Самиздат: [Регистрация] [Найти] [Рейтинги] [Обсуждения] [Новинки] [Обзоры] [Помощь|Техвопросы]
Ссылки:


 Ваша оценка:
  • Аннотация:
    Все подмывало спросить: "А я по-вашему, кто? Тоже нелюдь? Или людь? Я же с ними два года жила. И Аннику вашу, лошадушку, вовсе не Ароэн хваленый из окна выкинул... так ведь и было за что". Впрочем, гордые вареги не поверят на слово хилой девице, даже если Милоликой клясться стану и землю есть. Куда мол, такой молоденькой, среди разбойников жить! Варвары, темный народ, что с них взять...

  Ароэн.
  
  Хоть в чем-то Жая оказалась права.
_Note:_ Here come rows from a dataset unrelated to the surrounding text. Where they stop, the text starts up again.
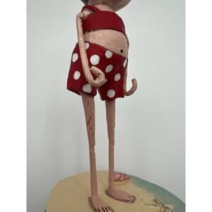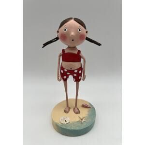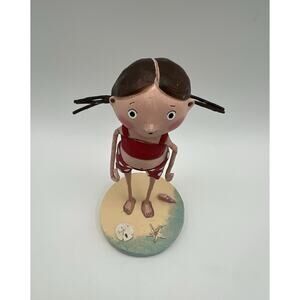Lori Mitchell figurine “Shelly Sells Seashells” girl at the beach. She is missing the bucket in her hand, she has a some light scuffing on her nose, orange paint on her leg and blue paint on the base (see photos). Measures approximately 6” tall.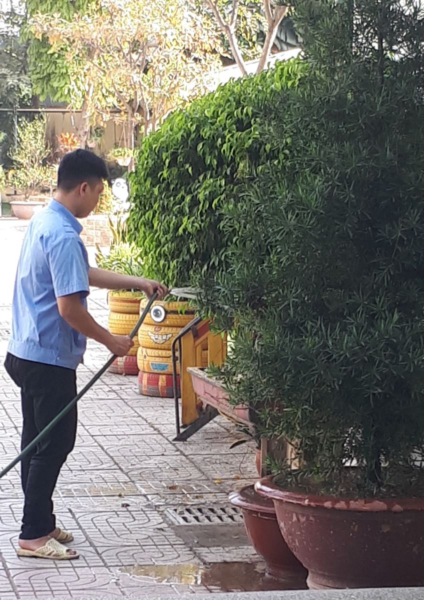 Ngoài nhiệm vụ trực đóng mở cửa, trông xe, bảo quản các tài sản của nhà trường anh còn giúp đỡ mọi người như: Khi ở bếp các chị dọn rửa bát cho các con thì anh cũng vào hỗ trợ các chị úp cất dọn đồ đạc. Khi các cô nhờ đóng đinh hay bê vác nặng anh không hề nề hà. Những lúc rảnh rỗi anh tưới và chăm sóc cây trong vườn trường để sân vườn luôn sạch đẹp và nở hoa tươi tốt. Không chỉ vậy có lần tôi còn thấy anh tỉ mẩn nhổ từng cái đinh trên khu vực sân khấu để các con đi không bị vấp ngã đảm bảo an toàn cho trẻ. Vì trẻ con luôn hiếu động, vội vàng, hấp tấp. Sự phấn đấu và cố gắng trong công việc đã giúp anh giành được rất nhiều sự tin yêu quý mến của các bậc phụ huynh, các đồng nghiệp trong nhà trường và các con.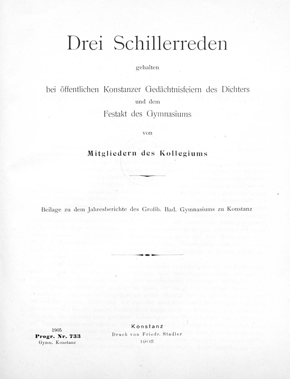 Progr. Nr. 733 Druck von Friedr. Stadler Gymn. Konstanz 1905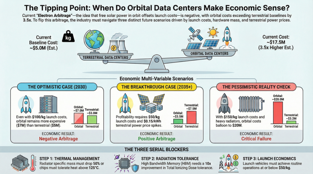 Ultimately, the viability of any Orbital Data Center will be decided by economics. Specifically, by what we might call electron arbitrage: whether the savings from “free” solar power in orbit can offset the enormous cost of putting the hardware there in the first place. If orbital electricity is cheap enough to produce a computational dollar for less than a terrestrial grid charges, the business case opens. If it is not, no amount of engineering elegance can save the venture.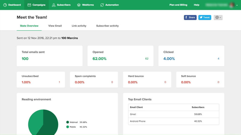 Reviewing MailerLite, I found its reporting pages to be easy to read.

Наша приблуда оказалась девушкой непростой, ой непростой. Хорошенькая, безукоризненно воспитанная, выученная грамоте и языкам подобно княжне... девушка из трактира. Вот кто в подобное на трезвую голову поверит: Катарина - дочь трактирщика?..
  Только я разве. Но меня все мое окружение за глаза зовет "молодым дурнем" и опекает, будто дитя малое....
   И на батюшку своего, хитреца Захора, малая походила, словно голубка на ястреба, всякий скажет. По едкому замечанию Жаи: "Ни в мать, ни в отца, а в проезжего молодца..."Но когда я чуть было не поддался наклепам кормилицы, "самозванка" удивила.
  Да уж... про тайнопись я-то слыхивал. И пользовался понемногу - молоко, сок кислого лимового плода, кровь с водою... Но чтоб сторонняя девка так лихо с тайнописью управлялась - вот мы тогда все поразились! А еще больше несказанно подивился я сам, когда прочел вначале записей: "Ежели ты сейчас читаешь эти строки, значит, меня нет в живых или я в руках твоих лютых недругов..."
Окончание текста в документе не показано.